### [Source data]
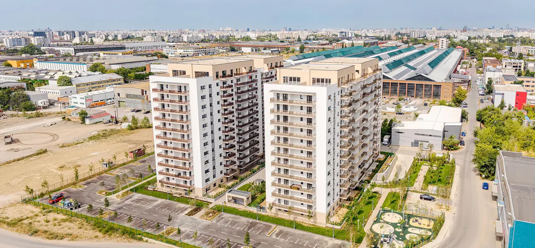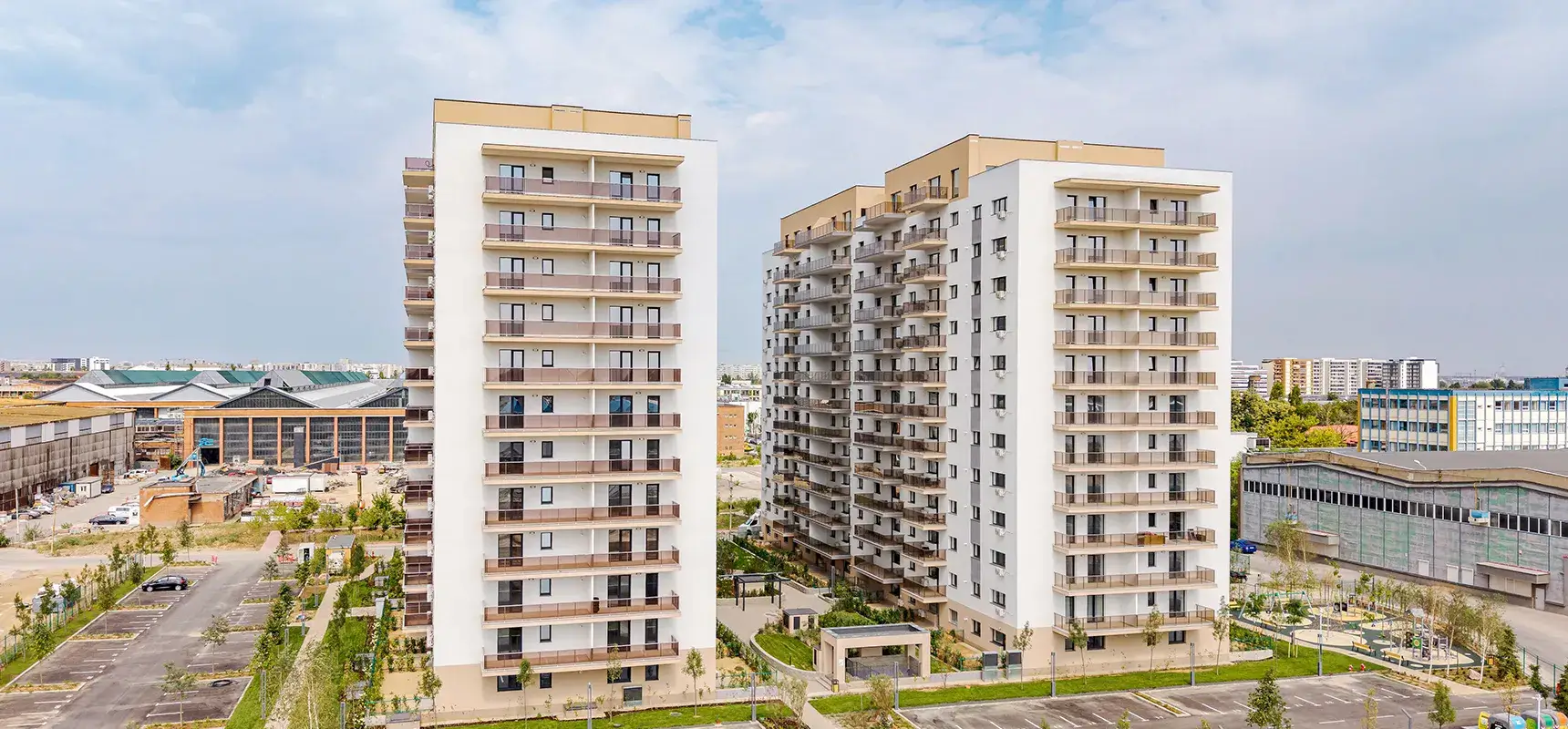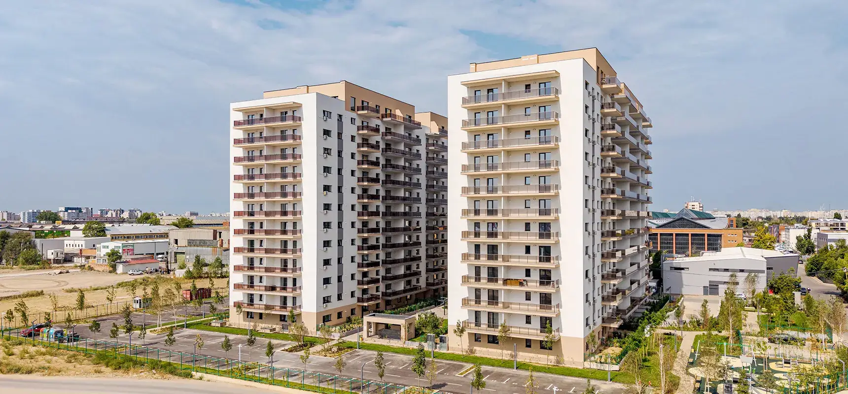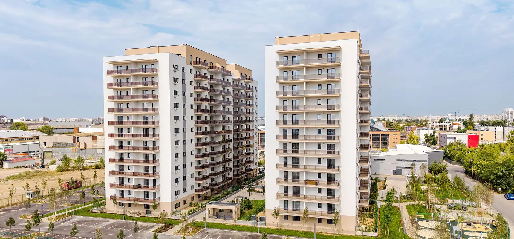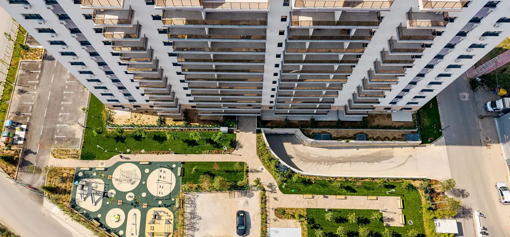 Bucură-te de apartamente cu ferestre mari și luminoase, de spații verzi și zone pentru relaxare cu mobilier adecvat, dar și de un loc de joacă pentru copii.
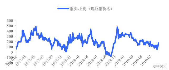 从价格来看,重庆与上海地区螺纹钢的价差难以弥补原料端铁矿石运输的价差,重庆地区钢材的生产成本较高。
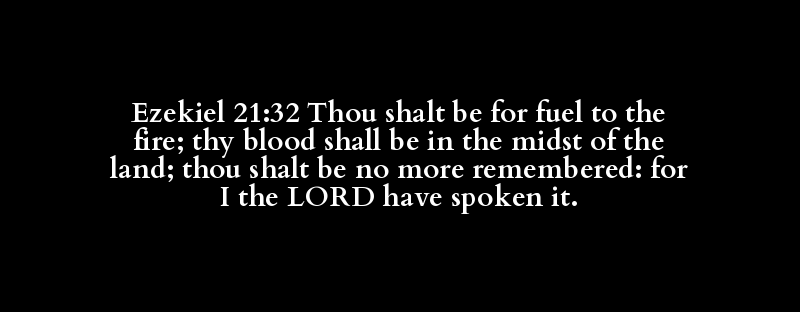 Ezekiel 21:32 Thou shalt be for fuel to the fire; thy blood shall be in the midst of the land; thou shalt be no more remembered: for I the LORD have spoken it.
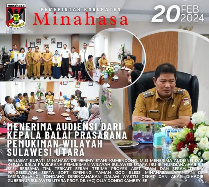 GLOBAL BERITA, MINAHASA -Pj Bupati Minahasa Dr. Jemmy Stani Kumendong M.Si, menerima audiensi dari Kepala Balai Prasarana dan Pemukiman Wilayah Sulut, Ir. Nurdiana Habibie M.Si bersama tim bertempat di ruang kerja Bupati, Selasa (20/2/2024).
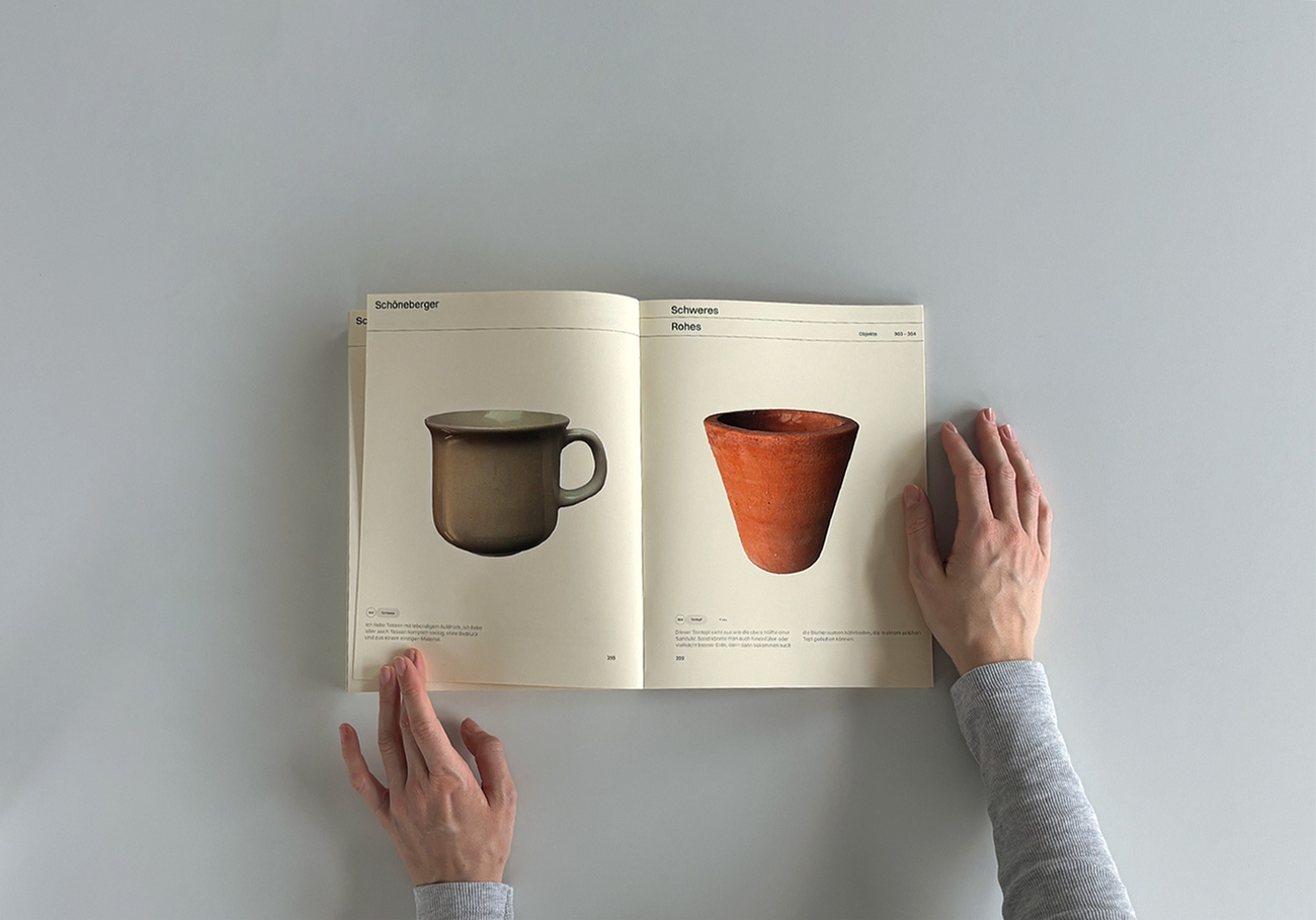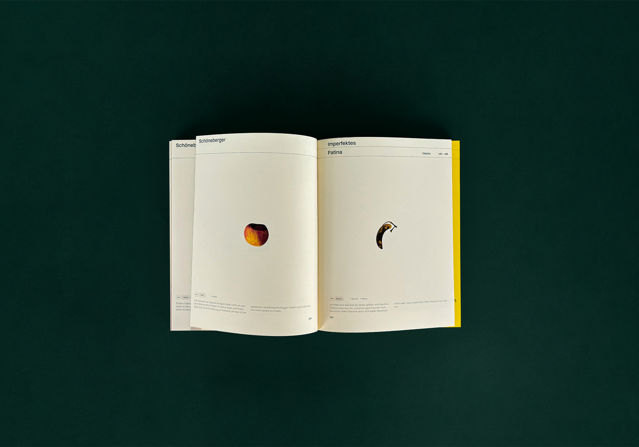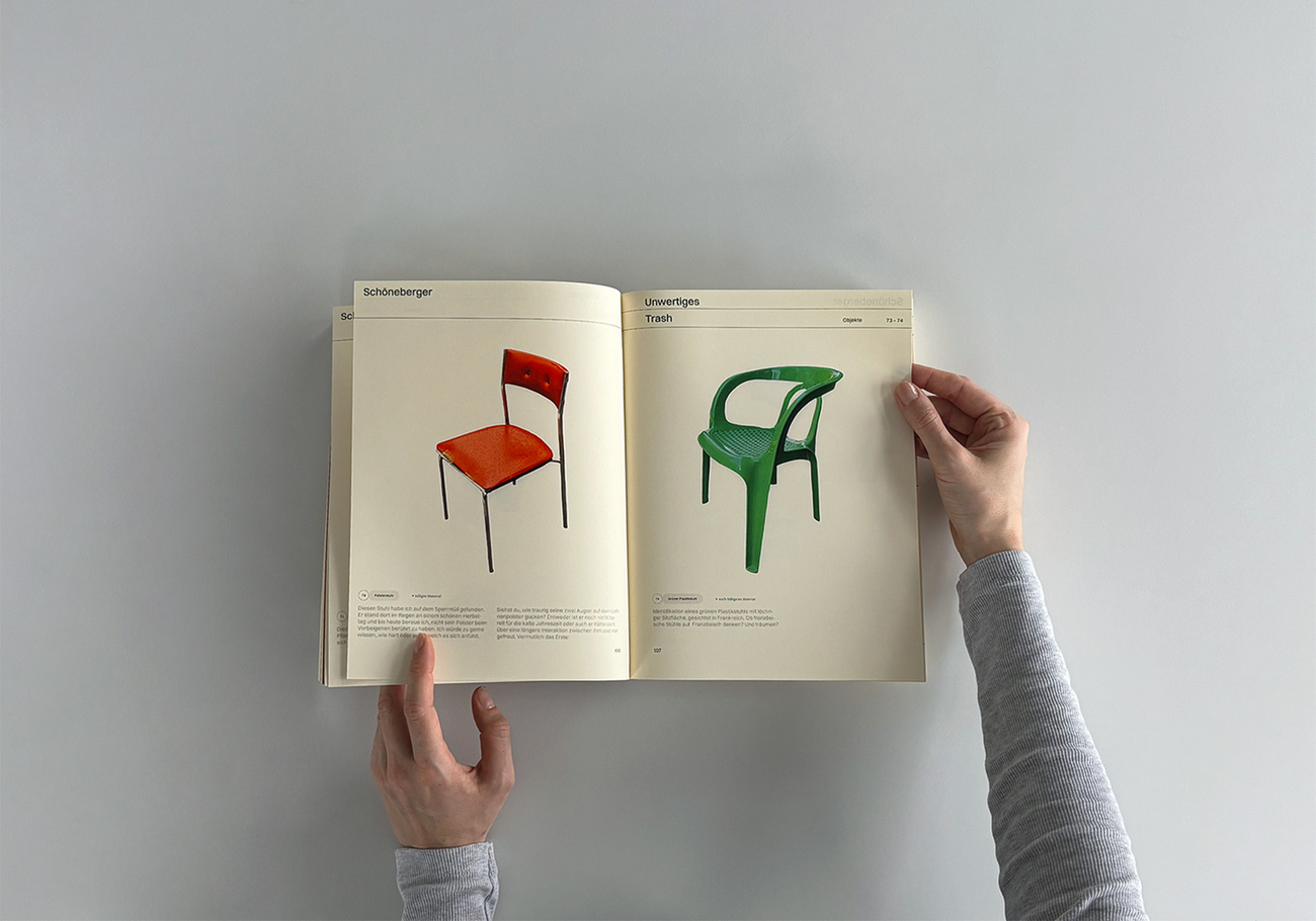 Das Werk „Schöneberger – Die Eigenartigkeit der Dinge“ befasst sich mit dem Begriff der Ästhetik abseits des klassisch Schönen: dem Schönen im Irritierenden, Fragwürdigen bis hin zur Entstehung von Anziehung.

### [Problem details]
Keep the pictures out, and write out the rest of the data above word for word.

### [Response]
 Bucură-te de apartamente cu ferestre mari și luminoase, de spații verzi și zone pentru relaxare cu mobilier adecvat, dar și de un loc de joacă pentru copii.
 从价格来看,重庆与上海地区螺纹钢的价差难以弥补原料端铁矿石运输的价差,重庆地区钢材的生产成本较高。
 Ezekiel 21:32 Thou shalt be for fuel to the fire; thy blood shall be in the midst of the land; thou shalt be no more remembered: for I the LORD have spoken it.
 GLOBAL BERITA, MINAHASA -Pj Bupati Minahasa Dr. Jemmy Stani Kumendong M.Si, menerima audiensi dari Kepala Balai Prasarana dan Pemukiman Wilayah Sulut, Ir. Nurdiana Habibie M.Si bersama tim bertempat di ruang kerja Bupati, Selasa (20/2/2024).
 Das Werk „Schöneberger – Die Eigenartigkeit der Dinge“ befasst sich mit dem Begriff der Ästhetik abseits des klassisch Schönen: dem Schönen im Irritierenden, Fragwürdigen bis hin zur Entstehung von Anziehung.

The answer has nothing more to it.